§ **Task**: Setting aside any pictures, reproduce the data exactly.

--*--

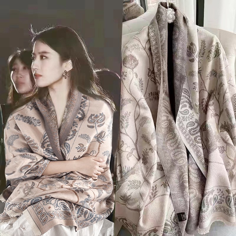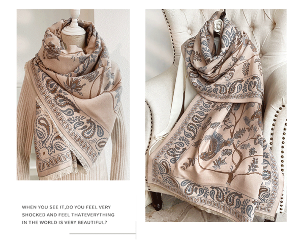 青鳥圖仿羊絨圍巾保暖披肩
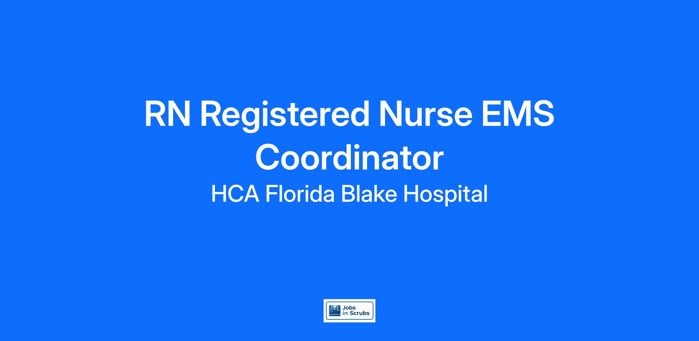 Are you looking for a place to deliver excellent care patients deserve? At HCA Florida Blake Hospital we support our colleagues in their positions. Join our Team as a(an) RN Registered Nurse EMS Coordinator and access programs to assist with every stage of your career.
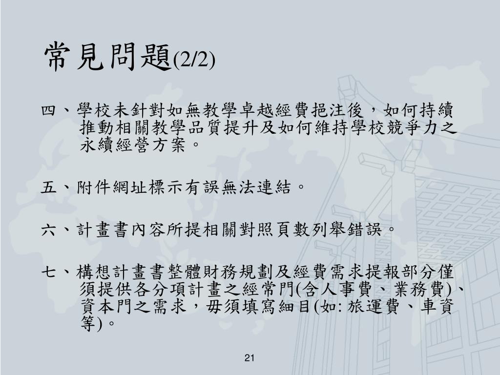常見問題(1/2) 一、計畫內容應避免以長年推動的常態性作法為主。如為深化前期計畫之重要方案,除延續性之外,應有改進或創新性作為。 二、學校呈現之具體成效,大多是辦幾場活動、多少人次參加等,建議學校應降低 辦理短期性活動之「產出型」(output)指標,而著重於「學生能力加值表現」。 三、計畫書內容應整合學校之整體發展架構而非各單位分別之重點。 20
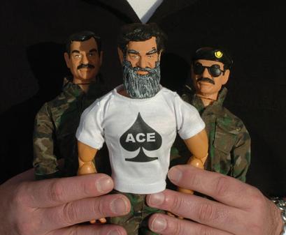 12月14日,伊拉克前總統(tǒng)薩達(dá)姆被美軍抓獲的消息轟動(dòng)了世界,美國(guó)的玩具商反應(yīng)神速,24小時(shí)后,在美國(guó)的一些電子商務(wù)網(wǎng)上就有“被捕的薩達(dá)姆”玩具出售。(AP Photo Douglas Healey)
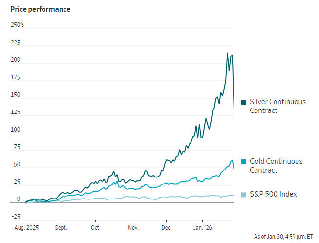 《华尔街日报》总结认为,沃什提名强化了美联储独立性预期,美元反弹,贵金属的避险和对冲逻辑暂时失效,导致周五的金银市场崩盘。但许多人认为,这只是疯狂行情后的正常回调,金银长期趋势仍受通胀、地缘政治和工业需求支撑。
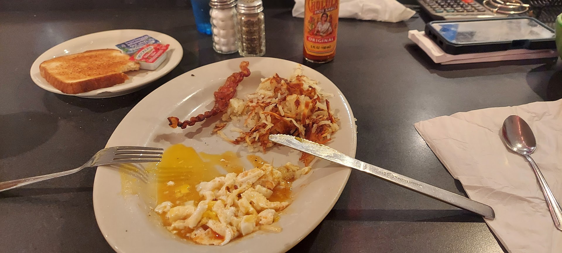 Read moreWent here for the first time and was completely disappointed. I usually go to small places like these because they usually have some of the best service, home style breakfast, very kind waiters that love the people they serve, but this one didnt offer that at all. Service was not kind at all, it seemed as if they did not know that they are located in a busy area and that they would be busy, which im sure its like this every Saturday morning. The food was decent but tasted horrible due to the awfull service. To top things off i walked to the register to pay for our meals, and like i stated in the beginning that it was my first time here, just to find out that i needed to pay attention to the very small 3 in. by 8 in. faded out sign on the door, that most people would ignore, stating that they only took cash. So i had to leave my family there to find an atm. I would not recommend this place and will not be going back. My child said something that i found quite funny as we drove away, she said "Man even Denny's is better than this" sooo true. I think the only reason they get busy is because there seems to be no other...

--*--

§ **Problem solution**:
 青鳥圖仿羊絨圍巾保暖披肩
 Are you looking for a place to deliver excellent care patients deserve? At HCA Florida Blake Hospital we support our colleagues in their positions. Join our Team as a(an) RN Registered Nurse EMS Coordinator and access programs to assist with every stage of your career.
常見問題(1/2) 一、計畫內容應避免以長年推動的常態性作法為主。如為深化前期計畫之重要方案,除延續性之外,應有改進或創新性作為。 二、學校呈現之具體成效,大多是辦幾場活動、多少人次參加等,建議學校應降低 辦理短期性活動之「產出型」(output)指標,而著重於「學生能力加值表現」。 三、計畫書內容應整合學校之整體發展架構而非各單位分別之重點。 20
 12月14日,伊拉克前總統(tǒng)薩達(dá)姆被美軍抓獲的消息轟動(dòng)了世界,美國(guó)的玩具商反應(yīng)神速,24小時(shí)后,在美國(guó)的一些電子商務(wù)網(wǎng)上就有“被捕的薩達(dá)姆”玩具出售。(AP Photo Douglas Healey)
 《华尔街日报》总结认为,沃什提名强化了美联储独立性预期,美元反弹,贵金属的避险和对冲逻辑暂时失效,导致周五的金银市场崩盘。但许多人认为,这只是疯狂行情后的正常回调,金银长期趋势仍受通胀、地缘政治和工业需求支撑。
 Read moreWent here for the first time and was completely disappointed. I usually go to small places like these because they usually have some of the best service, home style breakfast, very kind waiters that love the people they serve, but this one didnt offer that at all. Service was not kind at all, it seemed as if they did not know that they are located in a busy area and that they would be busy, which im sure its like this every Saturday morning. The food was decent but tasted horrible due to the awfull service. To top things off i walked to the register to pay for our meals, and like i stated in the beginning that it was my first time here, just to find out that i needed to pay attention to the very small 3 in. by 8 in. faded out sign on the door, that most people would ignore, stating that they only took cash. So i had to leave my family there to find an atm. I would not recommend this place and will not be going back. My child said something that i found quite funny as we drove away, she said "Man even Denny's is better than this" sooo true. I think the only reason they get busy is because there seems to be no other...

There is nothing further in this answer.